* **Directions**
Dropping every picture, set down exactly the lines in the entries below, starting with the line with "Домашний зефир в" and going on through the line with "圖2 專用工具示意圖 1-水泥管公稱長度;R-水泥管外半徑;1-吊鉤;2-A3鋼板;δ=8-10mm;3-Φ74×鋼管;".

* **Data extract**

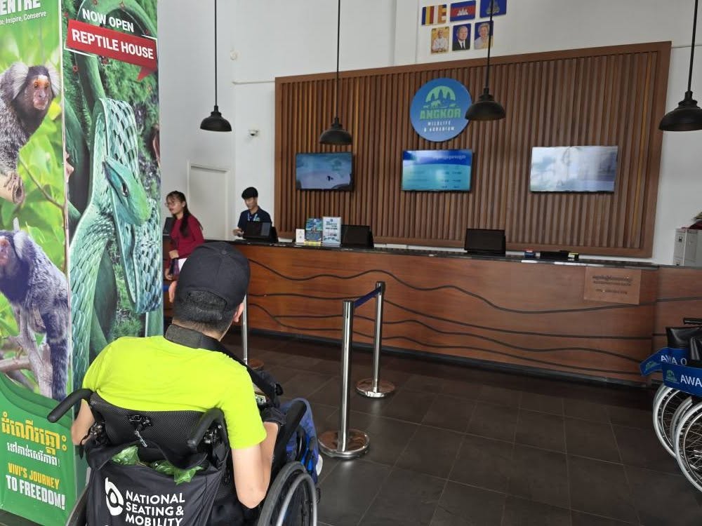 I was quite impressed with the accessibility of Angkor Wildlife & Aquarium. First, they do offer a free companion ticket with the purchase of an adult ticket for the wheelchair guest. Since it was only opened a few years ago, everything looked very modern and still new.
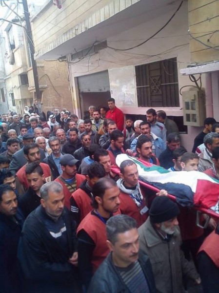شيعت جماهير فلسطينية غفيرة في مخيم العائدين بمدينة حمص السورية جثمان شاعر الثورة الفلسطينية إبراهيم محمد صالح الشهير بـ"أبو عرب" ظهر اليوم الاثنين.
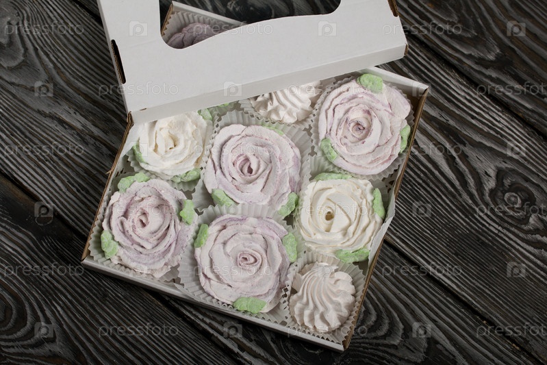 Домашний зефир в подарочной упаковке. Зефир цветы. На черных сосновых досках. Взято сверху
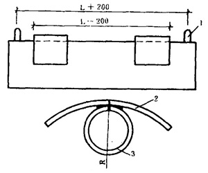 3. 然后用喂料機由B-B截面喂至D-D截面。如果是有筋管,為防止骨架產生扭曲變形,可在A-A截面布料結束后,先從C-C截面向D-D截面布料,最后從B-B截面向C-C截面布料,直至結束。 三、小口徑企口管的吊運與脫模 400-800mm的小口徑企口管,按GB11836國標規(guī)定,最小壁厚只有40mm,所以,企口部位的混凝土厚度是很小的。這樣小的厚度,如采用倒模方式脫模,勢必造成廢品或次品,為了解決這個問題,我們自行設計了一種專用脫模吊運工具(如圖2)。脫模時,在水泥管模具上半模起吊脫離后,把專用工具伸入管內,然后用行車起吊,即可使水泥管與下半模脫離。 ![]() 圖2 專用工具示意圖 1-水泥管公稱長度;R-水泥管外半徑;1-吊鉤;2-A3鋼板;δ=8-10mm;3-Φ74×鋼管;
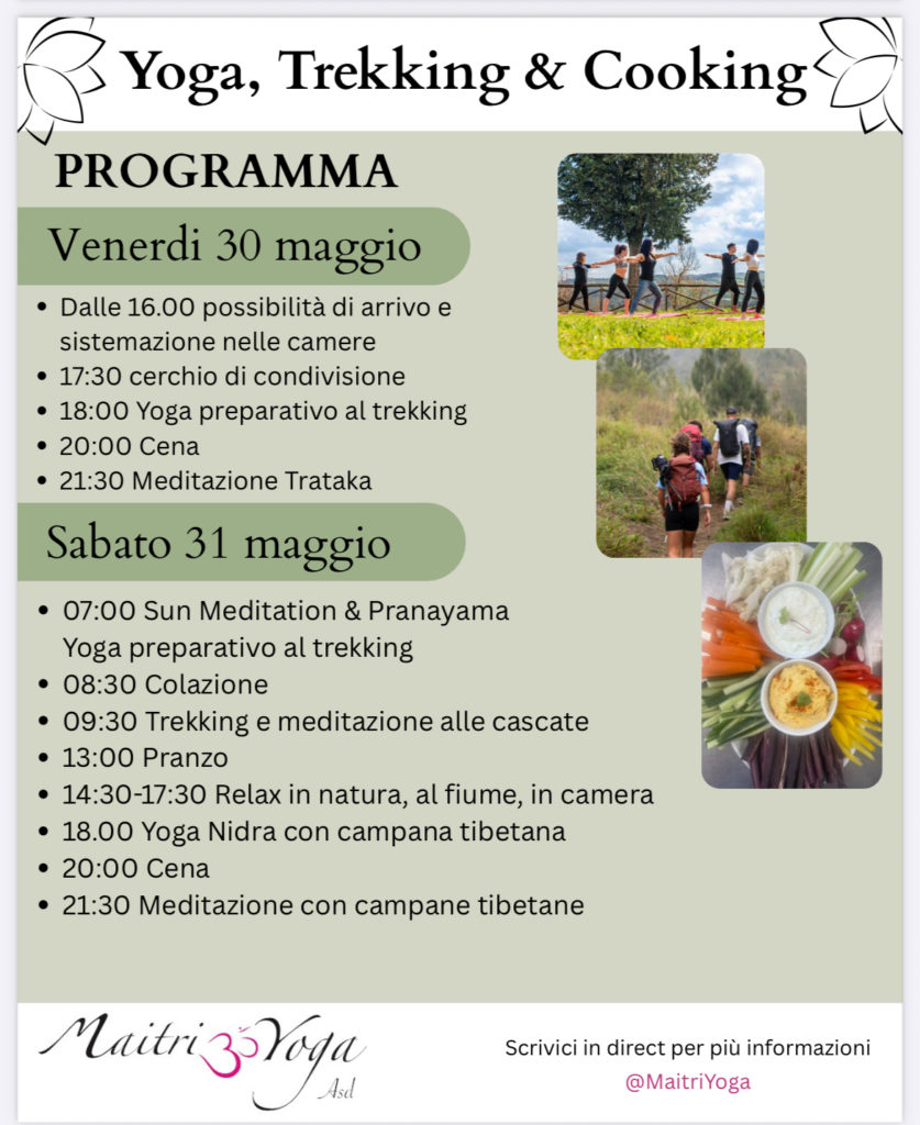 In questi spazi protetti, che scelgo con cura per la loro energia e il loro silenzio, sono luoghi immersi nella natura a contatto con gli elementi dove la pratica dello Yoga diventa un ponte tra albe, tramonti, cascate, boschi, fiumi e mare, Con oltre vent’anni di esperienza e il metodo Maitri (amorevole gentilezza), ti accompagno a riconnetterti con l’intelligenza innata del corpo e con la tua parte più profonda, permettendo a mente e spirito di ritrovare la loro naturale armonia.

* * *

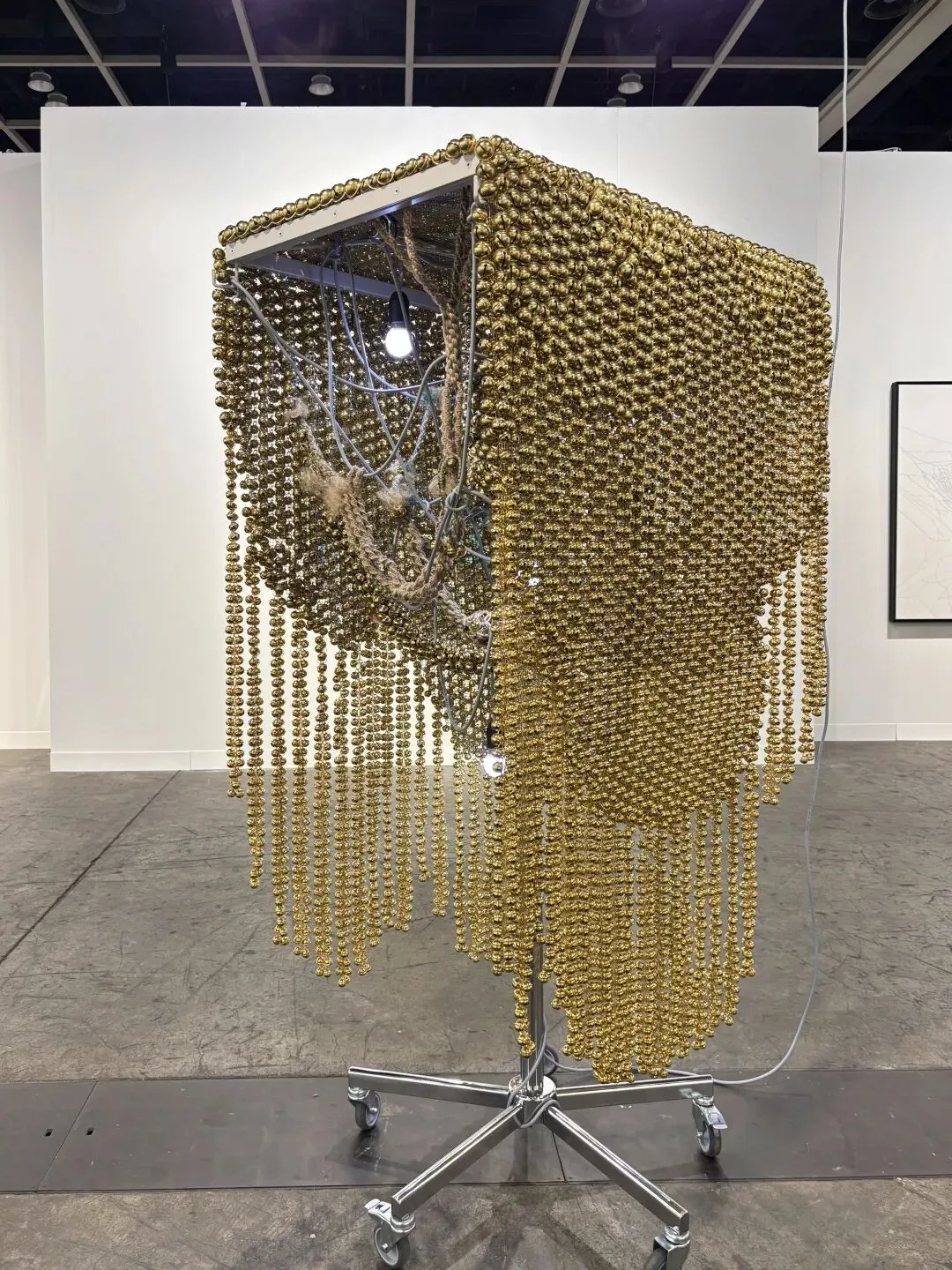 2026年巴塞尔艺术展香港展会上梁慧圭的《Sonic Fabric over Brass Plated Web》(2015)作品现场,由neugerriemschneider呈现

--

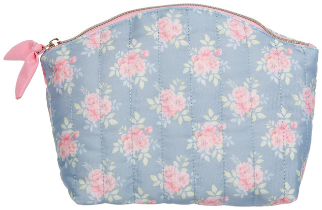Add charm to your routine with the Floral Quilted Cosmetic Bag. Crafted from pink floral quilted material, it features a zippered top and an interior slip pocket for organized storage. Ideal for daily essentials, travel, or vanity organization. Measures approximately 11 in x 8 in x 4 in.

* **Solution for this exercise**
 Домашний зефир в подарочной упаковке. Зефир цветы. На черных сосновых досках. Взято сверху
 3. 然后用喂料機由B-B截面喂至D-D截面。如果是有筋管,為防止骨架產生扭曲變形,可在A-A截面布料結束后,先從C-C截面向D-D截面布料,最后從B-B截面向C-C截面布料,直至結束。 三、小口徑企口管的吊運與脫模 400-800mm的小口徑企口管,按GB11836國標規(guī)定,最小壁厚只有40mm,所以,企口部位的混凝土厚度是很小的。這樣小的厚度,如采用倒模方式脫模,勢必造成廢品或次品,為了解決這個問題,我們自行設計了一種專用脫模吊運工具(如圖2)。脫模時,在水泥管模具上半模起吊脫離后,把專用工具伸入管內,然后用行車起吊,即可使水泥管與下半模脫離。 ![]() 圖2 專用工具示意圖 1-水泥管公稱長度;R-水泥管外半徑;1-吊鉤;2-A3鋼板;δ=8-10mm;3-Φ74×鋼管;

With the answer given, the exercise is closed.